━━━━━ Given records
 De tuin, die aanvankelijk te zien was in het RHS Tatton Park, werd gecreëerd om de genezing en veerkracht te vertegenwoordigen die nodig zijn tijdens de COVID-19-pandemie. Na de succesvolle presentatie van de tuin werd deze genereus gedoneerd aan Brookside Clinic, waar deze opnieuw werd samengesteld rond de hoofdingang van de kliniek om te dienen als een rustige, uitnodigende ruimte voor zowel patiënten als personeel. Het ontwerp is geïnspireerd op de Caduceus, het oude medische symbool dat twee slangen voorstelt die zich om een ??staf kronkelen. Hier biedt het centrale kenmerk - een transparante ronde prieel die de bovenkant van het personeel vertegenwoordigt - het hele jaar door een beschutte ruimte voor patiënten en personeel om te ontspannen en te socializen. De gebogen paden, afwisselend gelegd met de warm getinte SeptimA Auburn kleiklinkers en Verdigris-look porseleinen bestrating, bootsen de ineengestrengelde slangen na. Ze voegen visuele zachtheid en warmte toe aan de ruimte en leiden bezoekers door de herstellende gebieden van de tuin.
━━━━━━━━━━
━━━━━ Given records
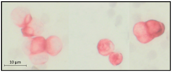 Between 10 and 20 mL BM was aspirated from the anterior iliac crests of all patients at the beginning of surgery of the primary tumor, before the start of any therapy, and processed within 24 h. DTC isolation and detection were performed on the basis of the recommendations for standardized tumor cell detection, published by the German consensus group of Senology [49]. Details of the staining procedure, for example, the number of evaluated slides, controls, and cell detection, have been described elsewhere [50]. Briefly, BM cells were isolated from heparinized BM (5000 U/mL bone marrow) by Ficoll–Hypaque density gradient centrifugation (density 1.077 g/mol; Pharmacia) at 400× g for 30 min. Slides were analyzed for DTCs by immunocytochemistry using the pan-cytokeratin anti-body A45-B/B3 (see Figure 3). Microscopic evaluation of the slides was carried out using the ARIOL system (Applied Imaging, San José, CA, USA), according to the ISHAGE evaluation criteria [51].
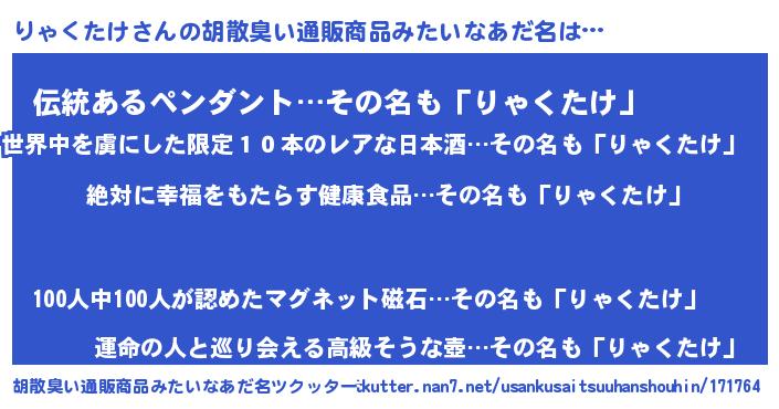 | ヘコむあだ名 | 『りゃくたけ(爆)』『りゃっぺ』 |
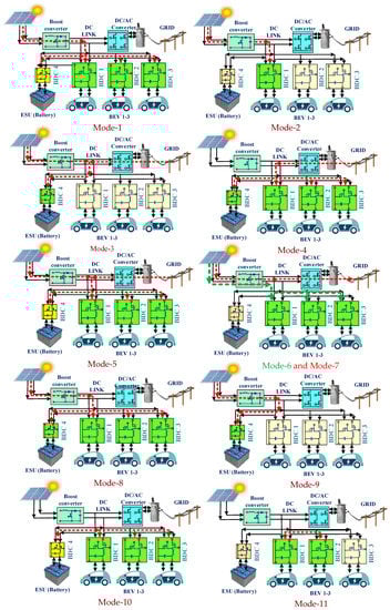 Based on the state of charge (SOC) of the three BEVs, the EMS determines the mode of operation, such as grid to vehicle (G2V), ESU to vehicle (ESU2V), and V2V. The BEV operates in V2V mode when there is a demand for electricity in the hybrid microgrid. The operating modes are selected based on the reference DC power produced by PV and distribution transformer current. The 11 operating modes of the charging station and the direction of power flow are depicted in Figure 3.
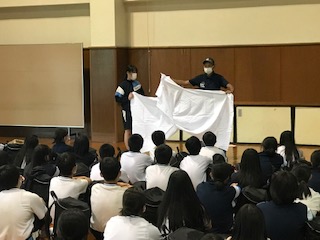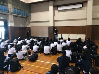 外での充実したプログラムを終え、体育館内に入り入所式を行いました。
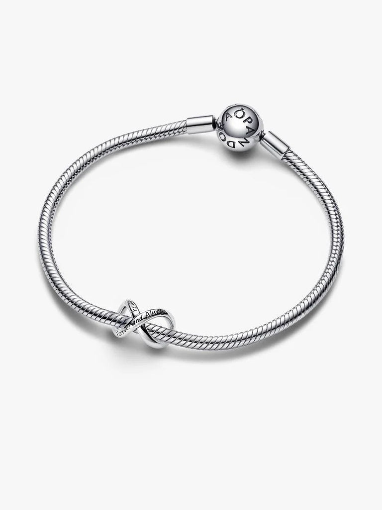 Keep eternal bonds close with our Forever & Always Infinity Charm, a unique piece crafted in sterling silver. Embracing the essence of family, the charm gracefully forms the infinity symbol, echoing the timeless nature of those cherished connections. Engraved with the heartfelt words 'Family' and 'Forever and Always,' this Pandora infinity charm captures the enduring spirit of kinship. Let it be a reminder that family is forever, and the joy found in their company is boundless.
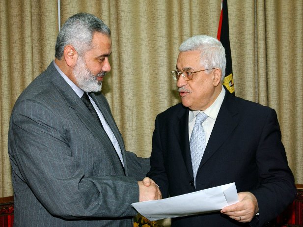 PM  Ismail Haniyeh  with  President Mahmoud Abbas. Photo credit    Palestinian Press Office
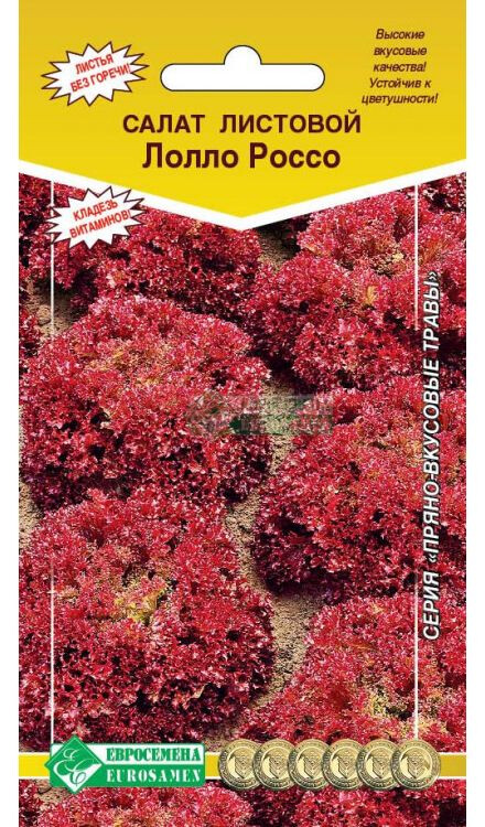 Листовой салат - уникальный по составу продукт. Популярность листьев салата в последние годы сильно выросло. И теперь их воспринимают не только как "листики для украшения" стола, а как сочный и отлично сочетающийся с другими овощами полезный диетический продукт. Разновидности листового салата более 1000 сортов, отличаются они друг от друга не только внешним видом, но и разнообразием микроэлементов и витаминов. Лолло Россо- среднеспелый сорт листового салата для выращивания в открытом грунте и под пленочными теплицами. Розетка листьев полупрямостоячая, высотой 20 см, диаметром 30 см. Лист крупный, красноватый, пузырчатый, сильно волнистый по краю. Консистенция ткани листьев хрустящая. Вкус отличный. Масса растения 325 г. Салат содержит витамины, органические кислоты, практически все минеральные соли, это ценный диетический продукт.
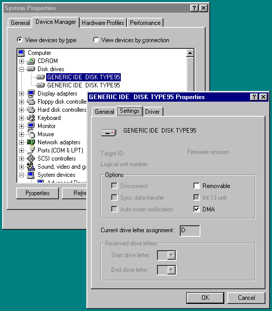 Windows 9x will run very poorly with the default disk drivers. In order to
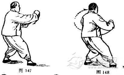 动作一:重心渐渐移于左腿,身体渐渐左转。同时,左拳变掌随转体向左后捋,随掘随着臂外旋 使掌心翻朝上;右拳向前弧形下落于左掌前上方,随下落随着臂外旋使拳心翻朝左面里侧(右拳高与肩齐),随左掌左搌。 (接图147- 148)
━━━━━━━━━━
━━━━━ Given records
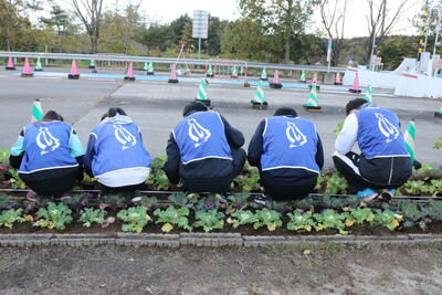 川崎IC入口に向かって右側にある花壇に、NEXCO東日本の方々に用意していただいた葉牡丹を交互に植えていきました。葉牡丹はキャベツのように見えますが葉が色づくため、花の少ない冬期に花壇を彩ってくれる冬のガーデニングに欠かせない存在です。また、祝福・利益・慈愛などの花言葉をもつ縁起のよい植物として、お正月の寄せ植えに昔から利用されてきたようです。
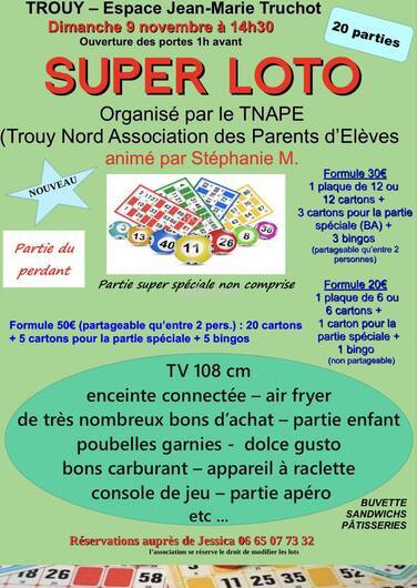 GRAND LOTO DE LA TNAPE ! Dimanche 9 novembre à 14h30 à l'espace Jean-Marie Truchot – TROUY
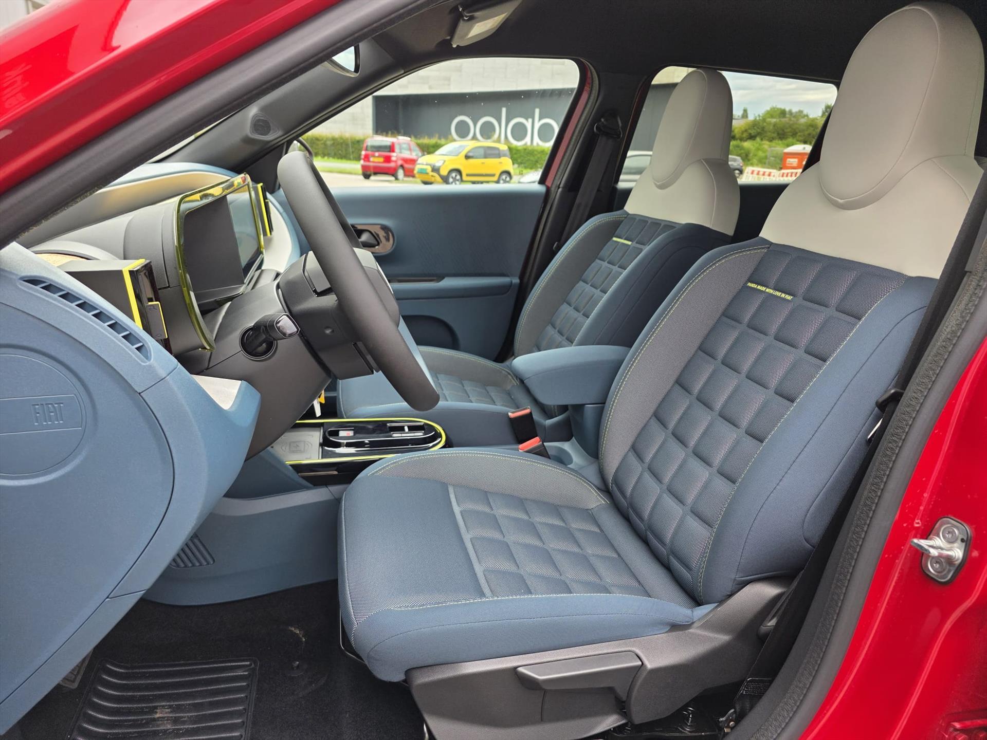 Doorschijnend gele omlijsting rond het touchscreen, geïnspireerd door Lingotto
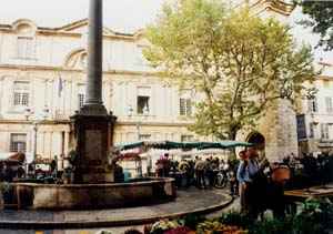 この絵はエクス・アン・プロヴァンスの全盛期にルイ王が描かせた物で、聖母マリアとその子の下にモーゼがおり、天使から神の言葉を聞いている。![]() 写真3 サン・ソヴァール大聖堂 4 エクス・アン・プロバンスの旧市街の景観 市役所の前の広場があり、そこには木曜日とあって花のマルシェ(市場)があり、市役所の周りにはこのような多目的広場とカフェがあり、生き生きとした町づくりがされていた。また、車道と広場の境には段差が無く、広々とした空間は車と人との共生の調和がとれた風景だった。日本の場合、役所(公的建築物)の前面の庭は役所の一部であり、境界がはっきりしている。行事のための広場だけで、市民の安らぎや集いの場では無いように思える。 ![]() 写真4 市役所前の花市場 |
━━━━━━━━━━
● **How to complete this task**: Using the entries above, transcribe every line from the line containing "ヘコむあだ名 | 『りゃくたけ(爆)』『りゃっぺ』 |" through the line containing "Based on the state". Do not copy pictures.

● **Solved problem**:
 | ヘコむあだ名 | 『りゃくたけ(爆)』『りゃっぺ』 |
 Based on the state of charge (SOC) of the three BEVs, the EMS determines the mode of operation, such as grid to vehicle (G2V), ESU to vehicle (ESU2V), and V2V. The BEV operates in V2V mode when there is a demand for electricity in the hybrid microgrid. The operating modes are selected based on the reference DC power produced by PV and distribution transformer current. The 11 operating modes of the charging station and the direction of power flow are depicted in Figure 3.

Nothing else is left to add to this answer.